West challenges Iran over bloody repression

GENEVA: Western countries accused Tehran of waging “bloody repression” since elections last year as they challenged Iran to open up to international scrutiny during a UN human rights meeting Monday.

During a public review of Iran’s record in the UN Human Rights Council, Britain, France, the United States, and other western nation expressed deep concern about killings, the scale of arrests and reports of torture during a clampdown on dissent.

“The authorities are waging bloody repression against their own people, who are peacefully claiming their rights,” French ambassador Jean Baptiste Mattei said.

“France recommends that Iran accept the creation of a credible and independent international inquiry mechanism, to shed light on these violations,” he told the council.

The United States and Britain called on Iran to open up to visits by United Nations Investigator on torture as well as other human rights experts, who have failed to get into the country since 2005.

Despite Iran’s stated commitments to uphold fundamental freedoms “grave human rights violations continue to be committed,” said British ambassador Peter Gooderham.
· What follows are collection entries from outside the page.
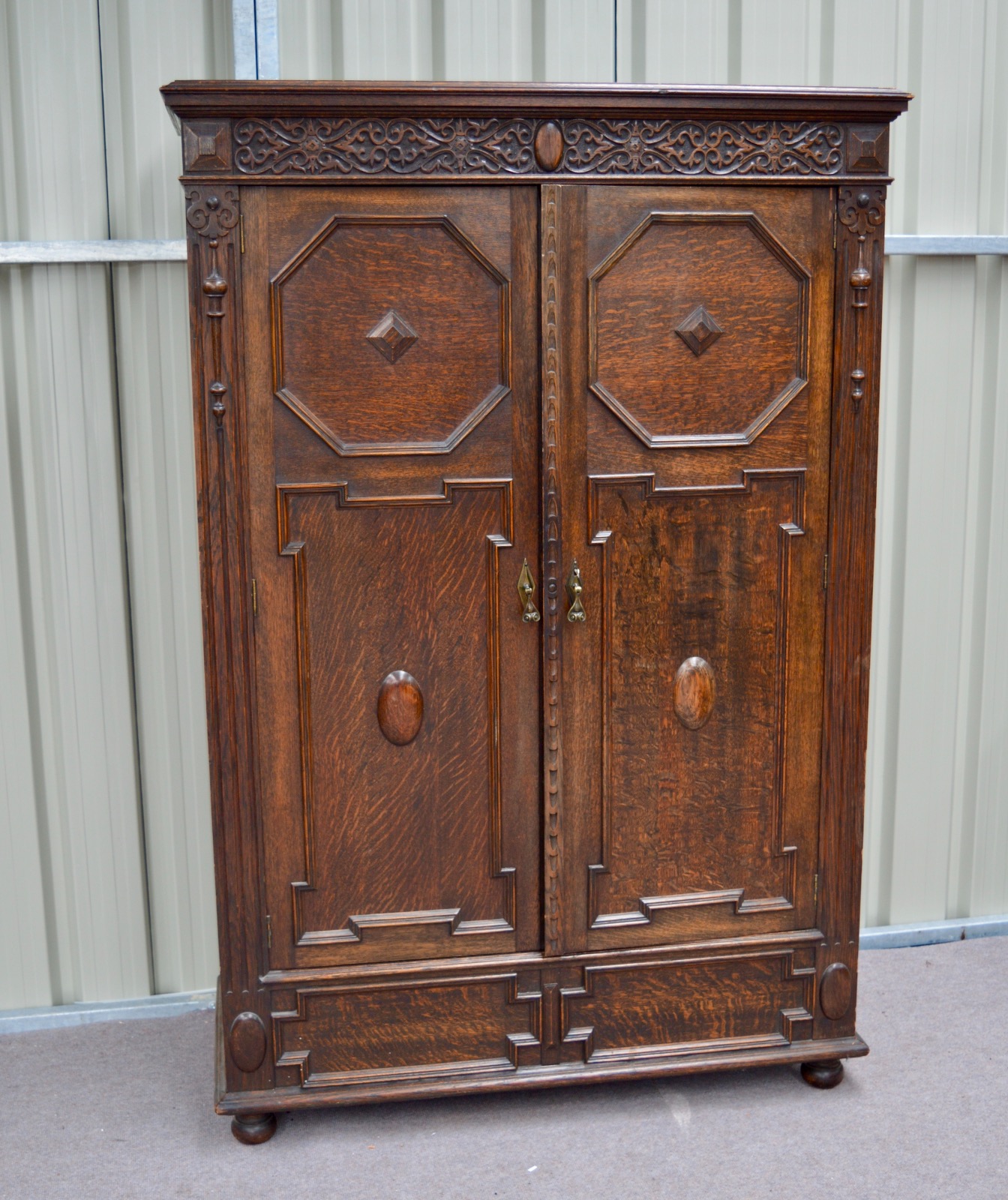 Antique Jacobean Carved Oak Wardrobe c.1900
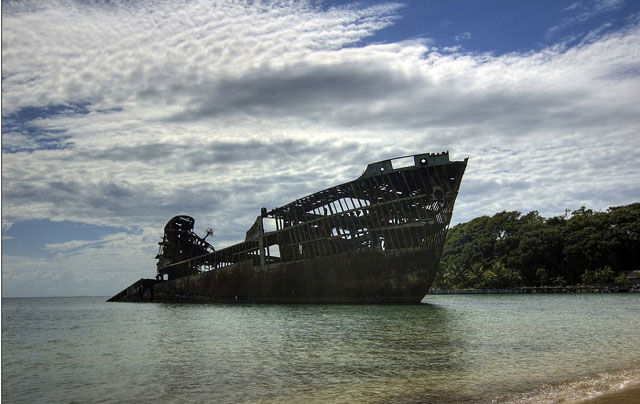 Το κουφάρι του πλοίου στη θαλάσσια περιοχή των Ίσλας ντε λα Μπαΐα της Ονδούρας
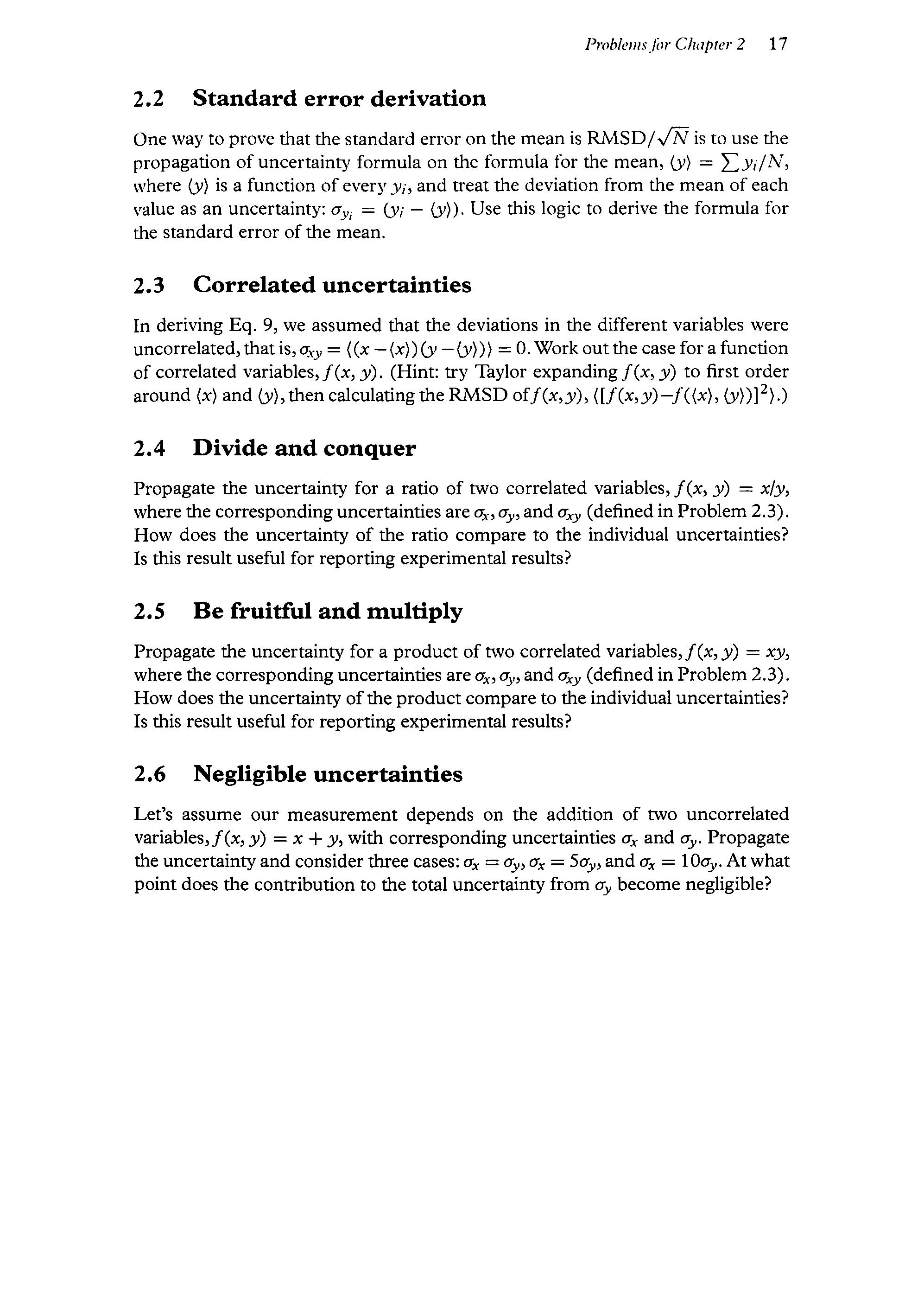 In deriving Eq. 9, we assumed that the deviations in the different variables were uncorrelated,thatis,ay = ((x (x))(vy (y))) = 0.Work outthe case for a function of correlated variables,f(x, y). (Hint: try Taylor expandingf(x, y) to first order around (x) and (y),then calculating the RMSDoff(x,y), (Lf(4.9) f(x), (v))]*).)
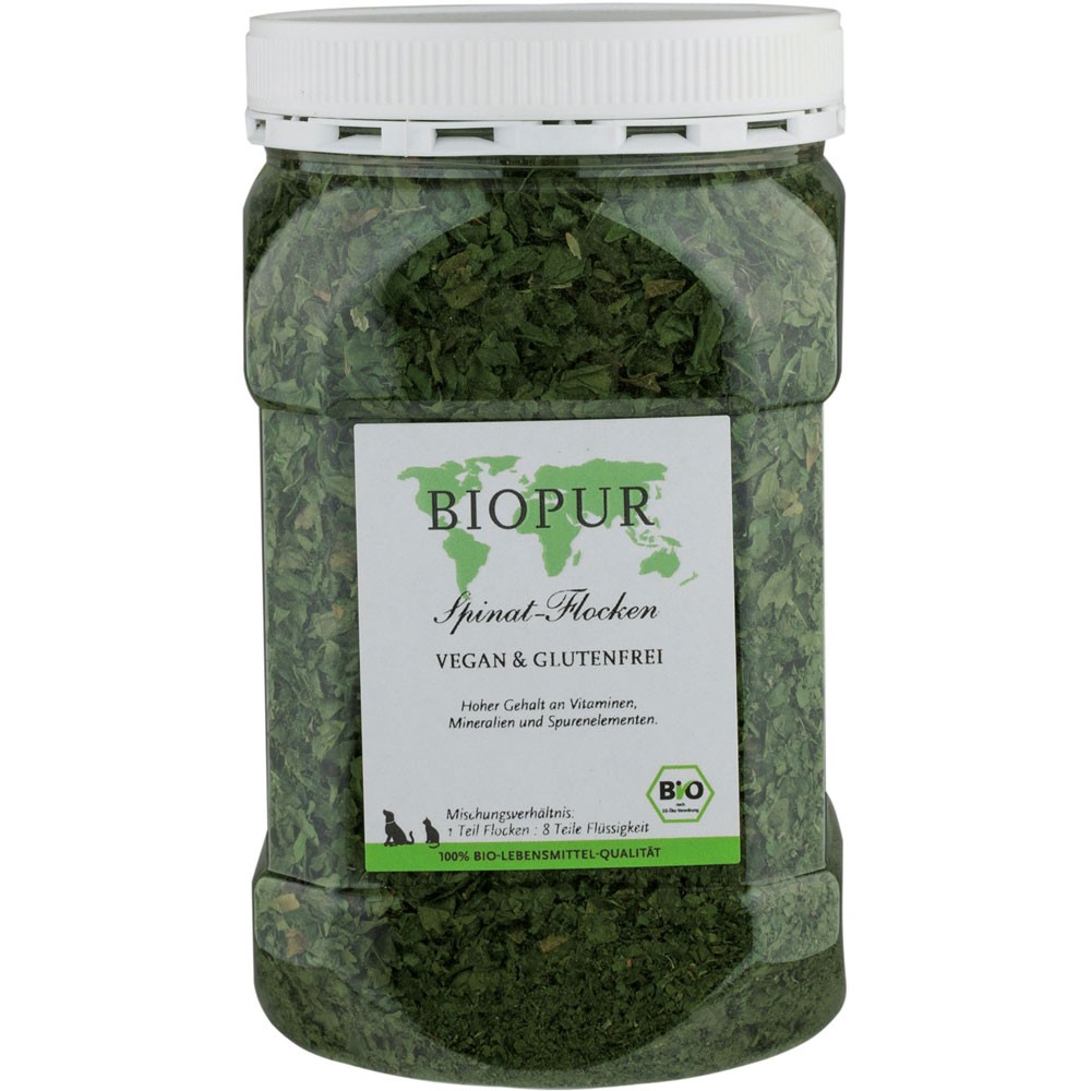 Bio Spinatflocken 70g Klarsichtbox Hund Gemüse Biopur
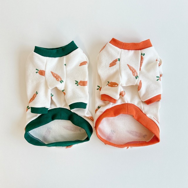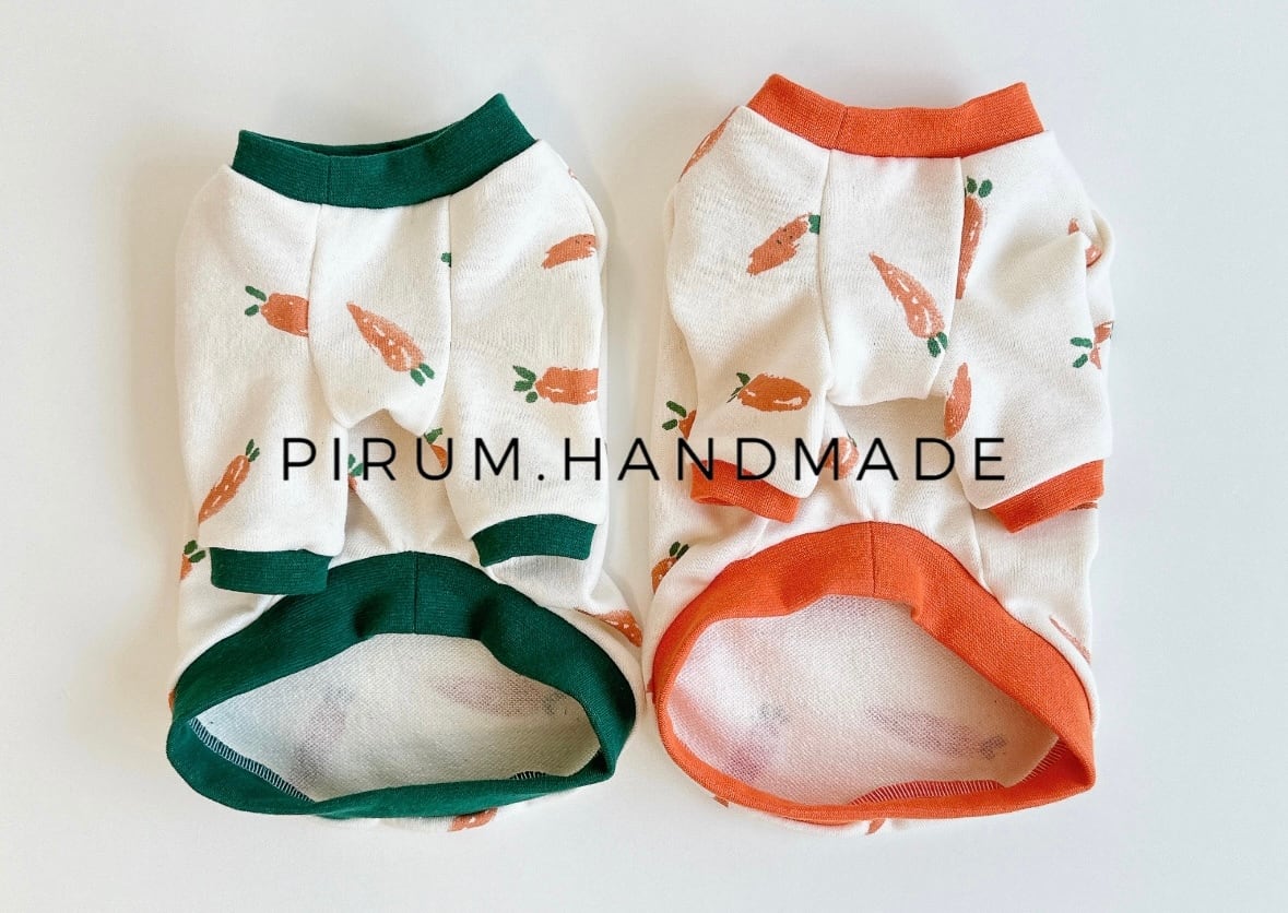 ---------------------------------------- 裏パイル生地のにんじんTシャツ☆ ラグランスリーブなのでお洋服の脱ぎ着が苦手なわんちゃんにも着せやすく、動きやすさも抜群です! オレンジとグリーン、好きなリブのカラーを選べます♪ ---------------------------------------- ※こちらの商品は受注販売となります。ご注文をいただいてから制作いたしますので、発送まで約2〜7日ほどお時間をいただきます。できるだけ迅速に対応させていただきますのでご了承くださいませ。※ ■生地■ 身頃 コットン100% リブ コットン95% ポリウレタン5% ※生成り特有の綿カスやネップが入ります。 ■サイズ■ ※お洋服の実寸サイズを記載しています。 《PIRM.基本サイズ》 お洋服の生地によって多少変わることがございます。 S 首周り(リブの付け根部分) 24 胴回り 36 着丈 (首リブの付け根から裾の端まで) 26 M 首周り(リブの付け根部分) 26 胴回り 40 着丈 (首リブの付け根から裾の端まで) 29 L 首周り(リブの付け根部分) 29 胴回り 44 着丈 (首リブの付け根から裾の端まで) 30 XL 首周り(リブの付け根部分) 31 胴回り 48 着丈 (首リブの付け根から裾の端まで) 33 ♡わんこのヌードサイズよりも首周り+2〜3cm、胴回り+3〜4cm、着丈(首から尻尾の付け根)−2〜5cmを目安にお選びください♪ ♡写真モデルのぽぽちゃん(3.8kg)の着用サイズはMサイズです。 ヌードサイズ▶︎ 首周り約23、胴回り約34、着丈38 ---------------------------------------- ※布端はロックミシンで処理しています。 ※お洗濯は手洗い推奨です。形を整えてから干してください。 ※お洗濯にて多少の縮みが出ることがございます。 ---------------------------------------- 〖 ご購入時の注意点 ᝰ✍︎꙳⋆ 〗 ♥ハンドメイドアイテムということを十分にご理解いただきますようお願いします。 ♥強度を上げるために重ね縫いをしている場合がございます。 ♥アイテムはひとつひとつ丁寧に制作しておりますが、色や形に若干の違いが生じる場合がございます。また、デリケートな作品のため強い力を加えると、破損する可能性がございます。お取り扱いには十分にお気をつけください。 ♥お使いの端末や閲覧環境により、写真と実物の色味や質感、サイズ感が多少異なって見えることがございます。 ♥明らかな不良品以外のお客様都合による返品・返金はお断りしております。
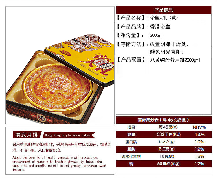 [帝皇月饼]帝皇大礼(黄)月饼礼盒2000g
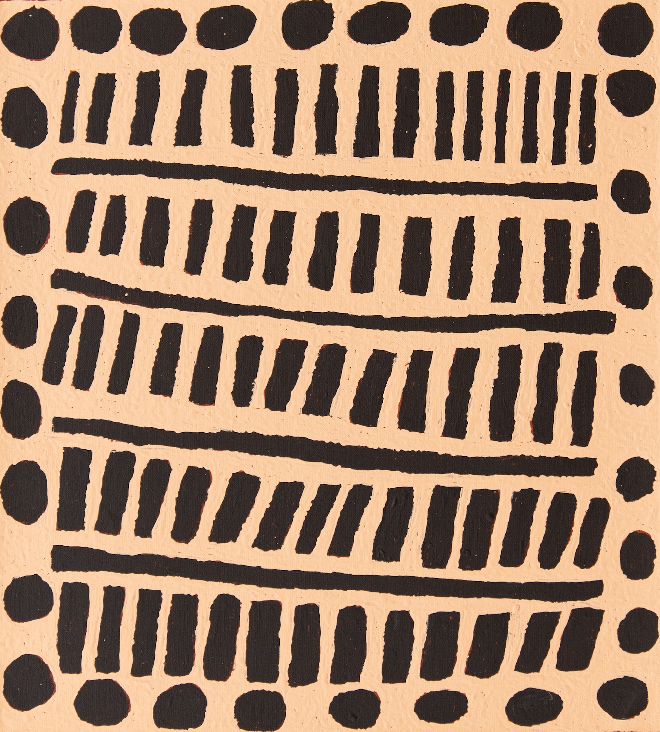 Rubilee is the daughter of papunya Tula artist Wintjiya Napaltjarri. She wors born in Haasts Bluff c 1960, then moved with her family to Papunyaand then after marrying moved to Kintore. She began painting in early 2007. Her sisters Clara and Eileen Napurrula also paint for the Company.
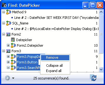 • Replacing is always carried out among all items found in the list and not just for a selection. However, it is possible to narrow the replacing operation by first reducing the contents of the list using the Remove command in the context menu:
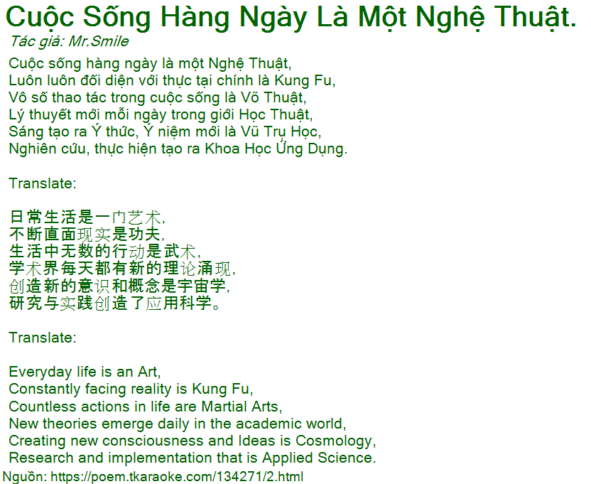 Cuộc sống hàng ngày là một Nghệ Thuật,
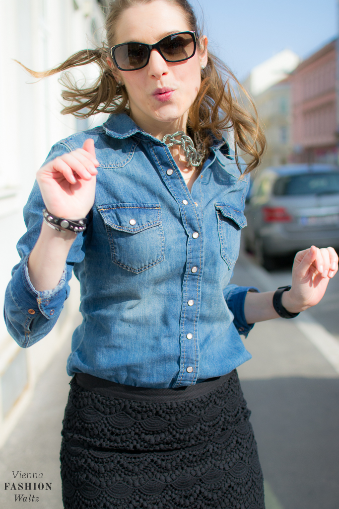Das Jeanshemd ist im Moment mein absolutes Lieblingsteil im Kasten. Ob zur Jeans oder zum Rock es lässt sich super kombinieren. Meist trage ich es allerdings zu etwas schwarzem, wie auch bei diesem Outfit. Über den Allover-Denim-Look habe ich mich bis jetzt noch nicht drüber getraut, vielleicht aber jetzt dann, wenn die Frühlingsgefühle kommen.
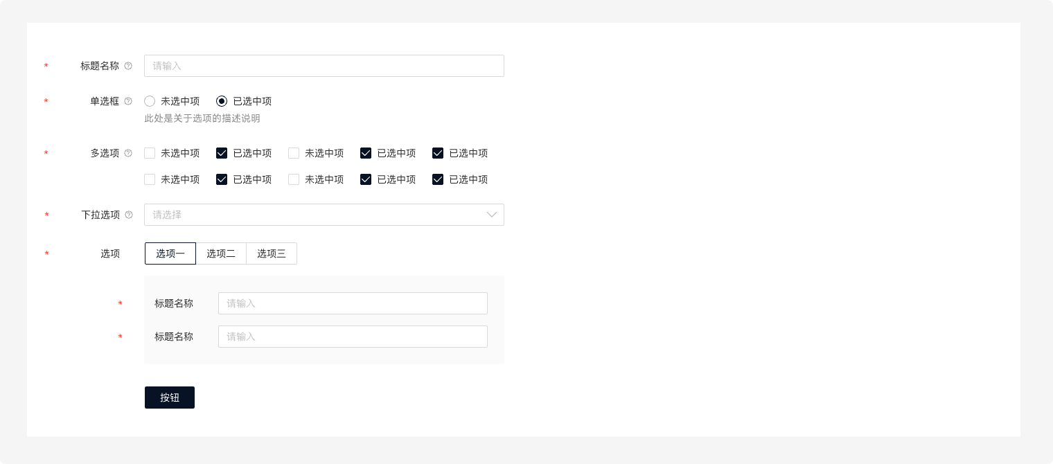 样式:一般情况下标签文字和选项左右排列,如若横向空间较小,或处于布局考虑,可采用上下排列

Backed by Cuba and Venezuela, Mohammad

Javad Larijani, secretary general of Iran’s High Council for Human Rights, defended Tehran’s legal safeguards and accused foreign nations of supporting “terrorist” groups on its borders.

“With the victory of the Islamic revolution, the situation of human rights has consistently been used as a politcal tool to apply pressure against us and to advance certain ulerior political motives by some specific Western countries,” Larijani told the Council.